Revista Encontro

None

A cor e a cara de uma cidade chamada IAPI

Luiz E. S. Ruivo
None - Foto: Bernadete Amado, Geraldo Goulart, Samuel Aguiar/O Tempo, Cláudio Cunha e Divulgação

Fruto da visão modernista do então prefeito Juscelino Kubitschek, ainda na primeira metade do século passado a capital mineira ganhou um conjunto residencial que até hoje abriga uma população maior do que a de 162 municípios do estado. Construído no caminho para o então recém inaugurado complexo arquitetônico da Pampulha, na década de 1940, o Conjunto IAPI (Instituto de Aposentadorias e Pensões dos Industriários), no bairro São Cristóvão, não ficou imune à deterioração social de sua vizinhança, na região noroeste da capital.

 

O conjunto vertical que refletia a crescente industrialização da cidade perdeu nas últimas décadas seu charme, desbotou e passou a se confundir com a paisagem degradada de seu entorno. O velho IAPI só voltou a ganhar visibilidade recentemente.

 

A boa notícia é que uma parceria entre empresas privadas, a prefeitura municipal e a associação comunitária do conjunto vai jogar luz, ou melhor, cor, no opaco e degastado complexo de nove prédios, onde atualmente moram 5,4 mil moradores. Além de nova pintura, as fachadas dos edifícios e os espaços comuns do conjunto serão revitalizados.

 

Ferrucio,93 anos, e Terezinha Zanone, 85, o casal mais antigo do IAPI: “Muita gente sai mas acaba voltando”, diz Ferrucio

 

Pode-se dizer que o reconhecimento da importância do IAPI para a história de Belo Horizonte teve início em 2007, quando o conjunto de prédios foi tombado pelo Conselho Deliberativo do Patrimônio Cultural do município. A duplicação da avenida Antônio Carlos também trouxe alento para a revitalização da região.

 

O interessante é que nesses quase 65 anos de vida, enquanto a cidade se tornou uma metrópole de grande porte, o IAPI acompanhou o crescimento, mas ao mesmo tempo conservou características típicas de localidades do interior.

 

Terezinha Ribeiro Zanone, de 85 anos, ainda compara o conjunto à pequena Lavras de sua infância. Ela mudou-se para o IAPI em 1952 e forma com o marido, Ferrucio Zanone, de 93 anos, o casal mais antigo do conjunto. “Hoje aqui já é uma pequena cidade”, conta a advogada aposentada. “Quando vim para cá, naquela época, uma vizinha era a mesma coisa que uma pessoa da família.

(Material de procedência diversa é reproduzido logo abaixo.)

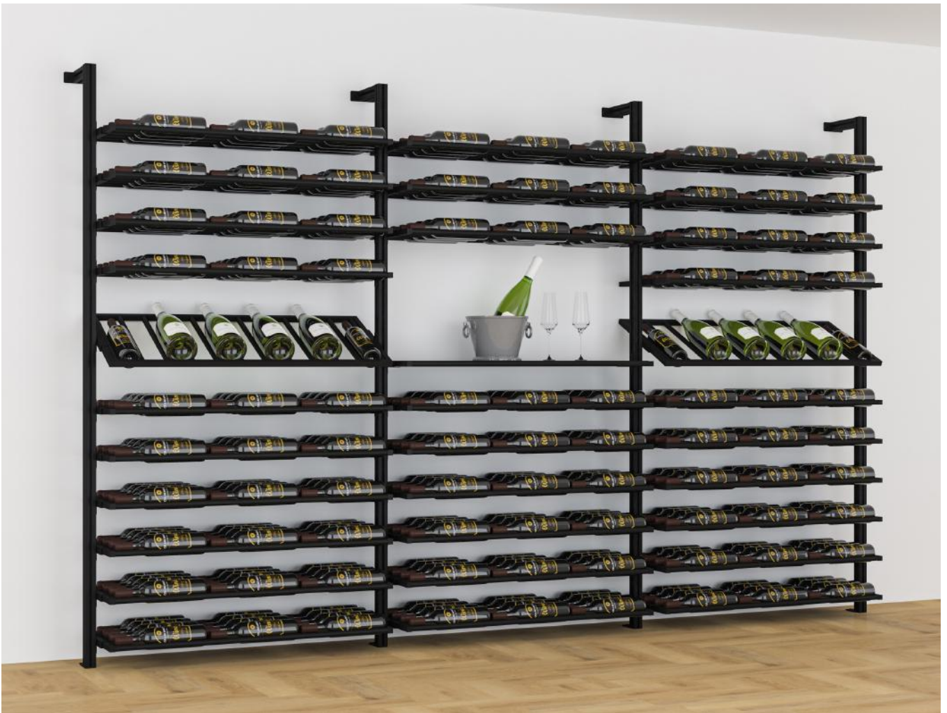
1050 Triple Set
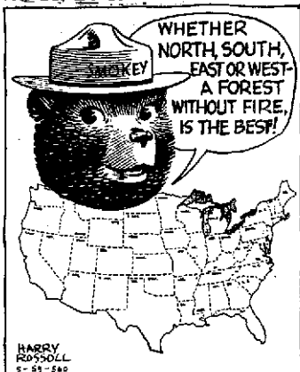
Forest fires know no boundaries!

If you would like to join Smokey's fight against forest fires, you can receive a Smokey kit by writing to: Smokey Bear Headquarters, Washington 25, D. C.
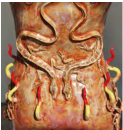
Palisade (detail) , 2022. Glazed Stoneware.
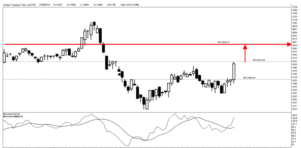
Kinerja harian saham UNTR
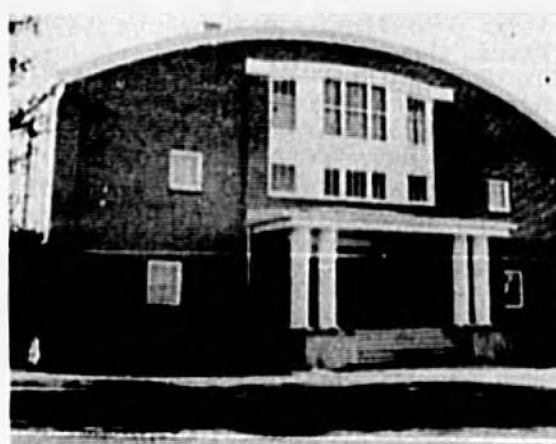
National Guard Armory
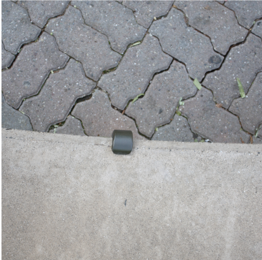
Frederick Khalil, 2011
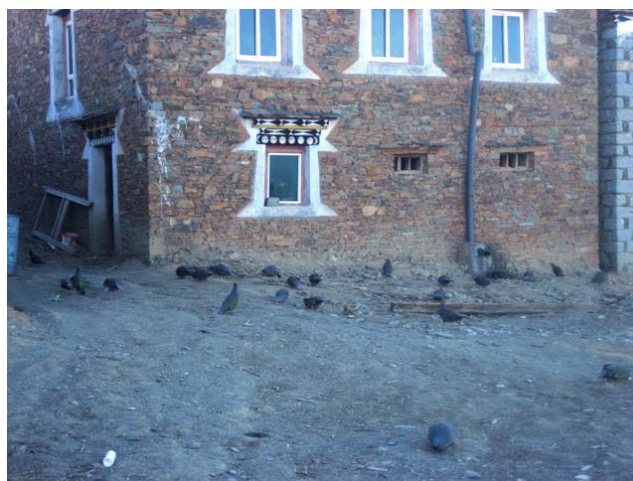
Plate. 6 The Blood Pheasant in Pamuling Monastery.
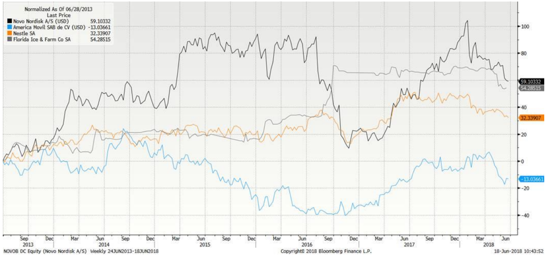
Five year price chart in USD of Novo Nordisk, America Movil SAB, Nestle and Florida Ice & Farm
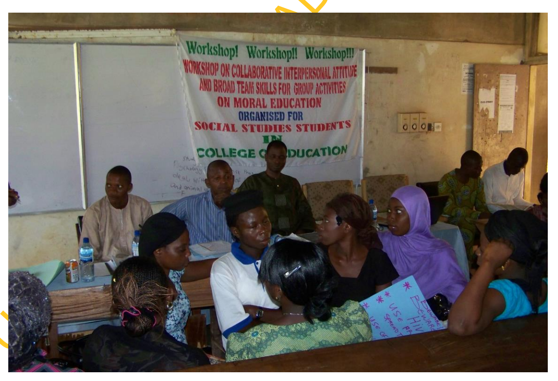
Plate 5: The Workshop
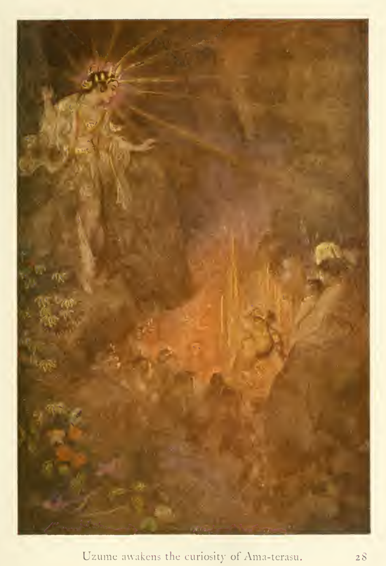
Uzume awakens the curiosity of Ama-terasu.

Hoje, continua a relação de amizade, mas tem muito mais gente.”

 

José Antônio Mendonça (em pé), dono do bar do complexo, famoso pelo truco dos sábados à tarde: “Nunca fui roubado”

 

Após fazer sua tradicional caminhada em torno dos prédios, Ferrucio entra na conversa para concordar com a esposa. “Os ex-moradores não aguentam ficar fora. Muita gente que foi embora achando que aqui era um lugar inconveniente acabou voltando”, observa o aposentado.

 

De fato, não é difícil encontrar moradores que viveram essa situação. A promotora de eventos Kátia de Oliveira Santos, de 54 anos, nasceu no IAPI e deixou o conjunto após se casar. O matrimônio terminou e ela não teve dúvidas: voltou a morar no apartamento que divide com a mãe, de 81 anos. “Não tem lugar melhor para morar”, diz. “A gente quer mostrar o outro lado do conjunto. Aqui tem empresário, pós-graduado, profissional liberal.”

 

Antigos moradores também são presença constante no IAPI. Apelidados de “dinos”, eles costumam “bater ponto” nos fins de semana, principalmente nos sábados à tarde, quando o truco “ferve” no tradicional Bar do Mendonça.

 

Provavelmente o mais famoso deles não frequenta mais o conjunto, mas ressalta que só tem ótimas recordações. “Foi onde passei minha infância, uma infância gostosa, divertida, saudável. Saí de lá cedo, com 12 anos, mas a lembrança que tenho é a melhor possível”, comentou o tricampeão mundial Eduardo Gonçalves de Andrade, o Tostão, de 64 anos. “Aquilo faz parte da história de Belo Horizonte. É um lugar que merece ser revitalizado.”

 

Eduardo Gonçalves, o Tostão, morador mais famoso: “Saí cedo, aos 12 anos, mas tenho a melhor lembrança possível”

 

Foi no antigo campinho de terra e em quadras de cimento do IAPI que Tostão teve seu primeiro contato com a bola.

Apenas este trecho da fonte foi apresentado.